Thursday, 23 June 2016

Good and bad

There are these horrible plastic patio chairs in the kitchen at work. They are the sort that the legs would splay out and you'd land on your arsenal, if you were too heavy for them. I've been close to that point a few times. I would sit down on them very gingerly and not move about too much. At those points in my weight, my hips are really too broad for the width of the chair, and you can see bits of me squeezed out the side. That's not the case at moment. I am becoming narrower of hip, so I can actually fit the width of the seat quite comfortably between the arms. There's a ways to go yet, but it's definitely getting there.

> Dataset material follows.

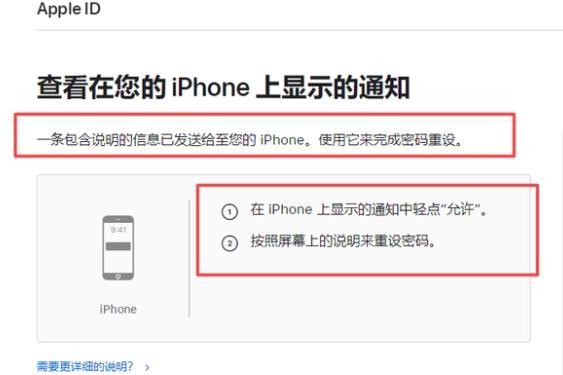 5、隨后會看到提示,會在對應(yīng)iphone上顯示通知,按提示完成密碼重設(shè)。

Not good sneak peeks. Again with the impatience. I wish I could listen to my own advice and leave mid week weighing the Hell alone. Each day this week so far, I've weighed a good two pounds too heavy. *Sighs* Not good. So I've been a bit down about my chances of a loss this week. It doesn't matter how much I tell myself that I should prepare myself for a slow week because I've been so successful so far,the prospect of a gain or no loss still depresses the Hell out of me. Telling myself that I should be realistic doesn't make it so. Unfortunately. 

This just means that I should concentrate on the positive and remember that it's not all about the numbers on the scales. I'm getting healthier and smaller and that's what counts.